1) Some background
I'm currently learning about compartmental ODE modeling for epidemiology (inspired by the current pandemic!) and I've been exploring parameter estimation of SIR-like models using optimization tools in Julia. One of the many challenges of modeling COVID-19, I have learned, is that the available time series data sets are probably quite noisy. Infection prevalence and incidence data in particular is probably very noisy, and subject to both under- and over-counting. In my experimentation with parameter estimation in Julia, I've found that small to moderate changes in the data point values can sometimes lead to significant changes in the parameter estimates. Consequently, I've become interested in modeling the error structure of the observed data so that I can get a better sense of the uncertainty in the parameter values. This leads me to

2) My Question: How can I model reporting error/noise in COVID-19 prevalence data?

By "prevalence", I mean the following definition from Wikipedia:

"Prevalence is a measurement of all individuals affected by the disease at a particular time."

This differs from "incidence" data which, to quote Wikipedia again, is "a measurement of the number of new individuals who contract a disease during a particular period of time".

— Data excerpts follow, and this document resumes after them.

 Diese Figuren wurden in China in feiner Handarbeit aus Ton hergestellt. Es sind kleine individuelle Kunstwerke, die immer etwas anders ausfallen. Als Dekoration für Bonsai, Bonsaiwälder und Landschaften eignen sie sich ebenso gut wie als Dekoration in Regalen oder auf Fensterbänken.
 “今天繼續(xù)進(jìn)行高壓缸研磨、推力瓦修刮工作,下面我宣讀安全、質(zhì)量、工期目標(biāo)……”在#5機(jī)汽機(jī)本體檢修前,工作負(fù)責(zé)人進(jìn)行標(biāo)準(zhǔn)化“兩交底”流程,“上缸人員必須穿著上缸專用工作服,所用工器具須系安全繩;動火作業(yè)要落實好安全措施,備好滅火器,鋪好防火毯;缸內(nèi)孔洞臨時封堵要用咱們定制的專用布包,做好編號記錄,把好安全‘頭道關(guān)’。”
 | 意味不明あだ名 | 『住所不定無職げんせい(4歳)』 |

3) More detailed background
As a simple example, consider the basic SIR (Susceptible-Infected-Recovered) model:

$$\frac{dS}{dt} = -\beta \frac{SI}{N}, \qquad \frac{dI}{dt} = \beta \frac{SI}{N} - \gamma I, \qquad \frac{dR}{dt} = \gamma I $$

where $N = S(t) + I(t) + R(t) = \text{const}$. Let's say that $t$ is in days. The prevalence on day $t$ would be $I(t)$; that is, $I(t)$ is the number of individuals that are actively infected on day $t$. The daily incidence for day $t$, which I'll denote by $\Delta C_t$, would be given by $\Delta C_t = C(t) - C(t-1)$, where $C(t)$ denotes the number of cumulative infections that have occurred by day $t$ (starting from some day $t_0$). (Note that $C(t) = I(t) + R(t)$.) So in other words, $\Delta C_t$ is the number of people that became infected in the one day period from $t-1$ to $t$.

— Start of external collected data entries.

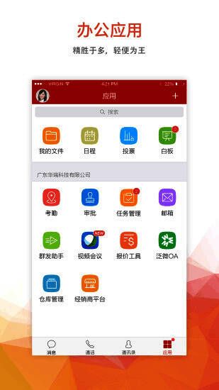 3、统一的移动办公入口:丰富的移动办公应用接入,签到、考勤、邮箱、公告、审批等,应有尽有;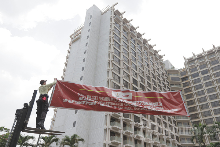 Petugas memasang spanduk pemberitahuan di depan Hotel Sultan, Kompleks GBK, Jakarta, Rabu (4/10/2023). Pusat Pengelolaan Kompleks Gelora Bung Karno (PPKGBK) memasang spanduk pemberitahuan tanah aset negara di Hotel Sultan, dan mengingatkan pengelola hotel itu segera mengosongkan lahan di Blok 15 kawasan GBK. Tribunnews/Jeprima
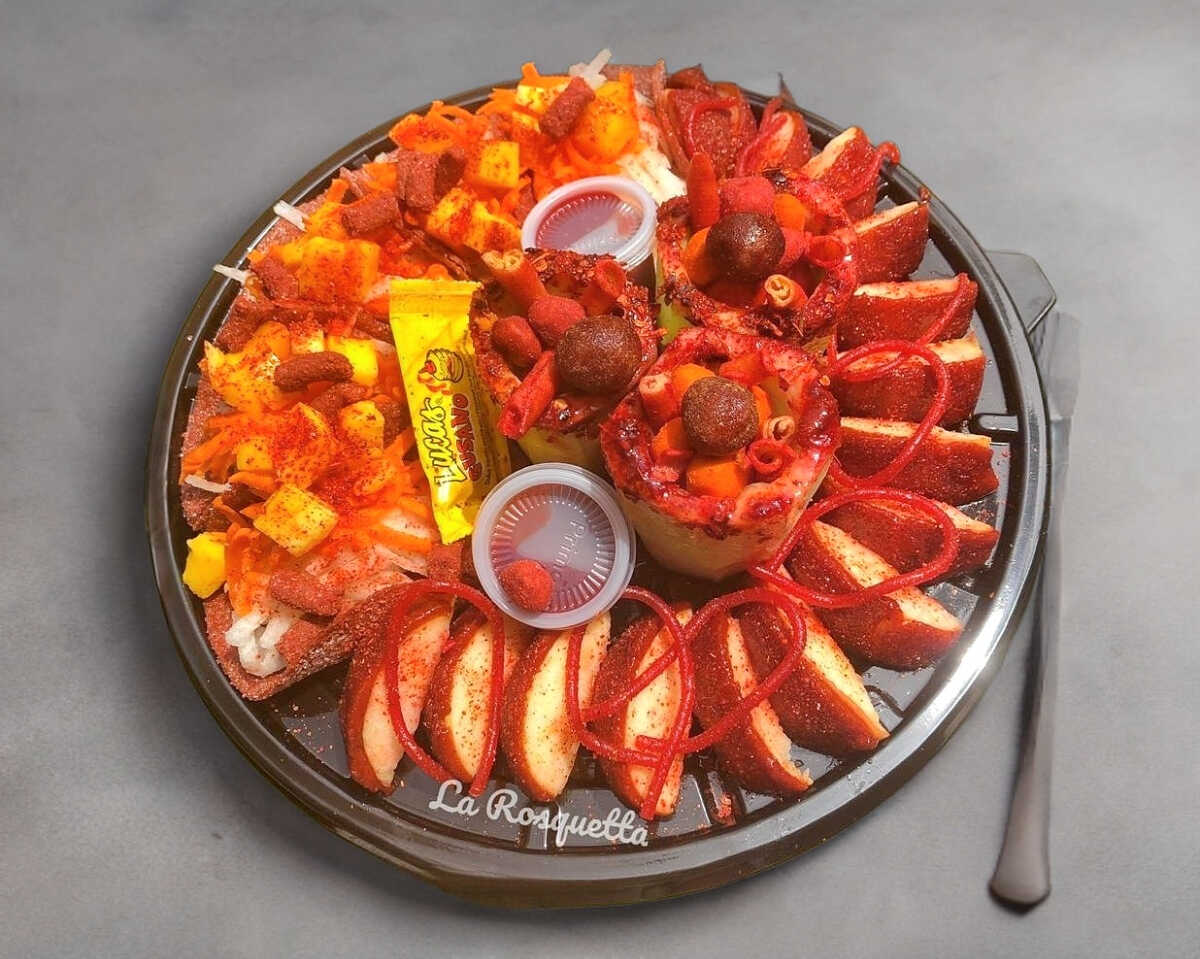 10 Tacos de papas, pepinos locos, 2 manzanas cubiertas más 3 toppings.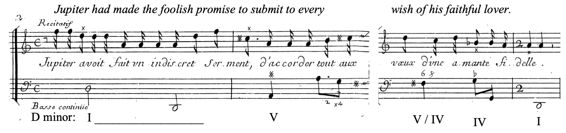 For example, Jacquet de la Guerre includes a plagal movement in “Sémélé” when the narrator explains that Jupiter has made the solemn vow to yield to all the wishes of his faithful lover—the tell-tale descending fourth in the bass falls exactly on the words “amante fidele.”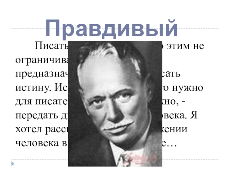 ограничивается писательское предназначение – сложнее писать истину. Истину!.. Больше всего нужно для писателя, ему самому нужно, - передать движение души человека. Я хотел рассказать об этом движении человека в Григории Мелехове…

When incidence data is available, there are some reasonable ways to model the error structure. For example, letting $\Delta C_1^{\text{obs}},\ldots,\Delta C_n^{\text{obs}}$ be the observed incidence data and $\Delta C_1^{\text{true}},\ldots,\Delta C_n^{\text{true}}$ be the "true" (but unobservable) incidence data, one reasonable (IMO) error model would be

$$\hspace{2cm} \frac{\Delta C_t^{\text{true}} - \Delta C_t^{\text{obs}} }{\Delta C_t^{\text{obs}}} = 1 + \epsilon_t, \quad \text{where } \epsilon_t \overset{\text{iid}}{\sim} N(0,\sigma^2) \qquad (1)$$

for a chosen value of $\sigma$. (Perhaps a truncated normal should actually be used--truncating $\epsilon_t$ to $[0,\infty)$ would ensure that $\Delta C_t^{\text{true}} \geq 0$, which we obviously want.) I find that the above model makes intuitive sense: It says that the relative error in the number of new cases reported on day $t$ is normally distributed with mean $0$ and variance $\sigma^2$. I've tested out the above model by simulating many sets $\{\Delta C_t^{\text{true}} \}_{t=0}^{n}$, fitting the SIR model to the simulated data sets, and then examining the distributions of the parameter estimates for $\beta$ and $\gamma$. The results I'm getting seem reasonable.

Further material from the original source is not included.